Note that the numbers in the table are multiplied by 100; the absolute increase in variance over the full sample is actually quite small.
Cohorts defined on the basis of birth year yielded similar results.
The results reported in this paragraph, including the comparisons of skill premia with and without supplementary earnings, are limited to those observations for which the data needed for constructing the adjustment factor are available. This amounts to about 96 percent of the sample for the years 1990-97. Data on average gross monthly pay in the year prior to the survey were not available for 1984-89. For these years, I constructed the adjustment factors using current year gross income (assuming full-year employment) in the denominator. I do not show the results for 1984-89 here since the adjusted data would not strictly be comparable with those for 1990-97, but those results were also very similar in each year to the corresponding results for wages excluding supplementary income.
Keane and Prasad (1996) provide an example of the importance of accounting for selection bias in estimating skill differentials.
The selection model involves two equations: (i) the basic OLS wage equation and (ii) a probit employment choice equation. The employment equation includes the right hand side variables in equation (i) (except tenure) and a set of additional variables that could influence self-selection into employment but would not be expected to affect the wage. This set of additional variables included dummies for marital status and presence of kids. Additional dummies for status as head of household and home ownership were also tried, but did not add much. The sample for equation (i) conforms to that of the results reported in earlier sections (full-time employed males, excluding self-employed etc.); all other male labor force participants were included in the estimation of the second equation. The parameters of equations (i) and (ii) were jointly estimated by maximum likelihood techniques.
These data are taken from Statistiches Taschenbuch 1998: Arbeits und Sozialstatistik (Bundesministerium fur Arbeit und Sozialordnung). Note that the numbers refer to United Germany starting in 1991 and to West Germany before that. Assuming plausible elasticities of substitution between capital and labor, the labor-supply shift caused by unification can not by itself explain anything close to the observed trend decline in the wage share.
These data were obtained from the German Ministry of Finance. Since aggregate employment has grown by much less than output growth in the 1980s and 1990s, the increase in the capital-output ratio is probably a downward-biased measure of the increase in the capital-labor ratio. Recent developments in investment and output suggest that the capital-output ratio shown through 1995 in Figure 12 has risen further since then.
See Griliches (1969) and Goldin and Katz (1998) for some evidence on capital-skill complementarity.

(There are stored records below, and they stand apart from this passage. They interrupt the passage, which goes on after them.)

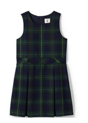
School Uniform Girls Plaid Jumper Top of Knee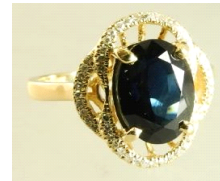
Lot # 446

445 14k yellow gold hinged bracelet, with consignors appraisal. $750 - $1,250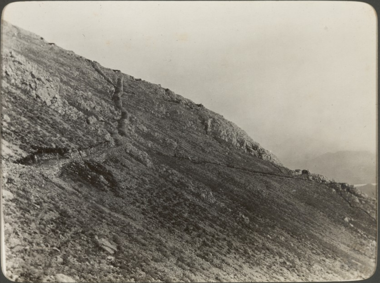
Gun position on Shirokagora, showing gun roads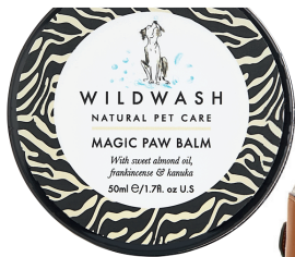
Wild Wash paw balm for dogs, £14.95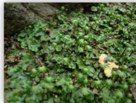
Marchantia polymorpha (基部陸上植物・ゼニゴケ 220 Mbp)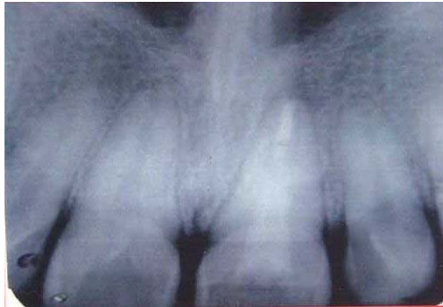
Fig 7: Post-Operative View Iopa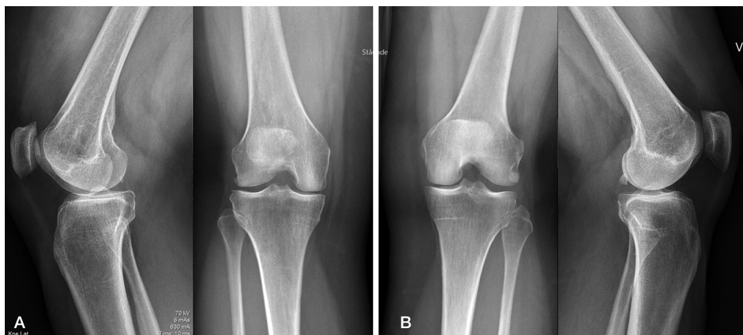
Figure 2. Patient number 5 in the supplementary data table. (A) The right knee with tibiofemoral and femoropatellar Kellgren and Lawrence (KL) grade 2/osteophyte. (B) The left knee with tibiofemoral KL grade 1 and femoropatellar KL grade 0.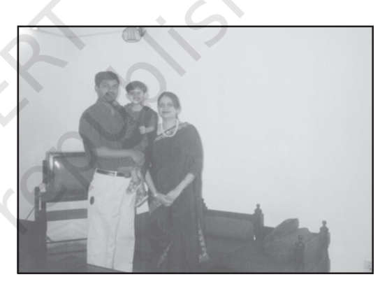
Notice how families and residences are different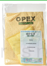
Chemical Spill Kit 10 Liter

Krusell et al. (2000) argue that capital-skill complementarity is important for understanding changes in wage inequality in the United States.
This is, again, a dynamic phenomenon but, for expositional convenience, is discussed here as a static concept. Steiner and Wagner (1997) present some evidence of relative labor demand shifts in West German manufacturing in response to skill-biased technological change as well as intensified international competition.